こんな事なら、女王から水牛の鞭を借りておけば良かったか? いや、バニーちゃんには乗馬鞭ぐらいのが似合うよね。正直、水牛の鞭はトラウマだし。
「あうぅぅ」
それにしても、コイツ、幸せそうに良い声で鳴くじゃないか!
周りの隊長もすっかり、「あっ察し」みたいな顔に変わってしまった。
しかし、時間は有限だ。そろそろこんなモンで良いだろう。
「シノニム!」
「は、はいっ」
恐る恐ると言った感じで、すり鉢の底にやってきたのはシノニムさん。
その手には巨大な剣があった。それも、信じられない位の大きさである。
「な、なんだ? あの剣は」
「デカすぎる!」
「人間に扱えるのか?」
中は空洞なんだけどね。それでも5kg以上はあるので、余裕で持ってきたシノニムさんは結構力持ち。
父の形見、王剣バウ・ラ・ザルディアだ。
こんな時の為に、木村に運んで貰っていた。
俺は魔力を流し、噴出する空気の力を借りつつ、それを高く掲げ、将校に最後通牒を突きつける。
「私に従うのを良しとしない、骨のある男よ。立て! そして選べ! 戦士らしく、首を刎ねられ死ぬか! この剣で頭からかち割られ、無惨な挽き肉に成り果てるか!」
俺の言葉に、その場に居た殆どの人間は首を傾げた。
意味のない二択。苦しみながらプライドも保てない挽き肉に意味はあるのかと。
しかし、将校は立ち上がり、叫ぶ。
「挽き肉に! 挽き肉にして下さい!」
「良く言った!」
そして、俺は王剣を振り下ろす。
――グチャァ!
人間が、立ったまま真っ二つに分割される。その異様に皆が息を飲む音がハッキリ聞こえた。
でも、斬られる瞬間まで、コイツは何だかんだ満足そうにしてたから、俺も悪い気持ちはしない。
しかし、失敗したな。返り血を浴びてしまった。真っ白なバニースーツが血に染まる。
いや、コレはコレで?
「う、美しい」
くたびれたオッサン隊長が呆然と呟く。
そうか、そうか? そうか! 実は俺もそう思っていた。
「さて」
俺は再び、シャリアちゃんに腰掛け、足を組み直し、尋ねる。
「跪くか、死ぬか、選べ!」
「は、ハイッ!」
今度は、残った四人全員が跪いた。
あと、腰掛けたシャリアちゃんの息が荒い。血まみれの俺がそんなに可愛いか?
やっと座った騎士風の四人の隊長はどうだ?
ビビってるだけかも知れない。

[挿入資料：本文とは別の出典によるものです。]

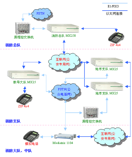 整個(gè)系統(tǒng)主要由Zultys MX250交換機(jī)、ZIP 4x4話機(jī)、ZIP 4x5話機(jī)構(gòu)成。MX250交換機(jī)擁有傳統(tǒng)電話交換機(jī)(PBX/PABX)的全部功能,可以真正把消防通信的數(shù)據(jù)網(wǎng)絡(luò)和電話網(wǎng)絡(luò)融為一體,實(shí)現(xiàn)基于IP的語音通訊。

確認するべきだろう。
「お前等は全員、私に、従う。それで良いんだな?」
死にたいなら、今すぐ選べ! 俺は血に塗れた大剣を弄び、見せつける。
「あ、う……」
しかし、誰も剣など見ていないのだ。
コイツら、ドコを見ている?? マヌケ面で、必死に何かを目で追っている。
俺は立ち上がって問い詰めようと、組んだ右足を上げる。
? すると、皆の目線が大きく動いた。
その先には俺の足。なんだ? 俺の足を見てるのか?
ああ、なんだ。オッサンや将校を踏みつけた事で、右のハイヒールが壊れて脱げかけている。
組んだ足の先、俺のつま先で、プラプラと踊るハイヒール。それを大の男が目で追っているのだ。

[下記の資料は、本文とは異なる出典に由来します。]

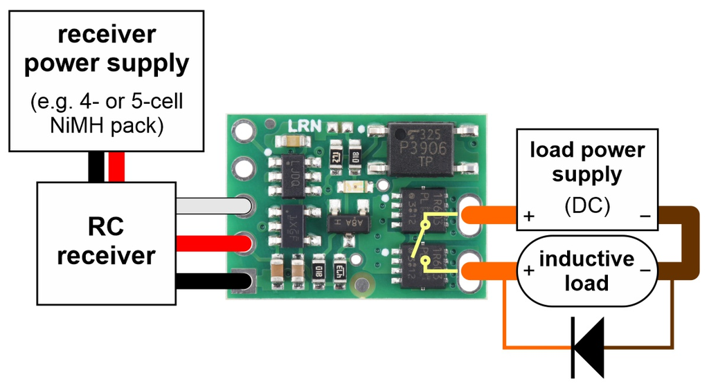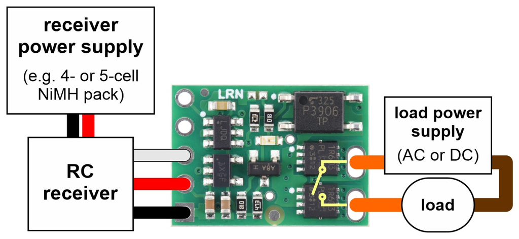 スイッチ制御回路は2.7 V〜16 Vで動作します。この電圧は一般的なRCレシーバーの範囲より広く、RCレシーバーやサーボコントローラ自体から給電可能です。

俺はなんだかおかしくなって、足を上げ、つま先でプラプラとハイヒールを遊ばせながら、右へ左へ振ってやる。
すると、オッサンと四人の騎士が、口を開けっぱなしの呆けた顔で、必死でハイヒールを目で追うのだから笑ってしまう。
愉しい!
俺の背筋がゾクゾクと震える。奇妙な快感が確かにあった。
コイツらは間近に死が迫っているのに、それでも俺の足に夢中か!
俺は大仰に右足を上げ、下ろす。そして今度は左足をあげた。そうしてゆっくりと、ゆっくりと、足を組み替えた。
「ハウッ!」
すると、五人は変な声をあげ、口を半開きに涎を零す。
先ほどと同じく足を組んだだけ。しかし、跪いた姿勢から見上げる姿は、どうにも刺激が強かったらしい。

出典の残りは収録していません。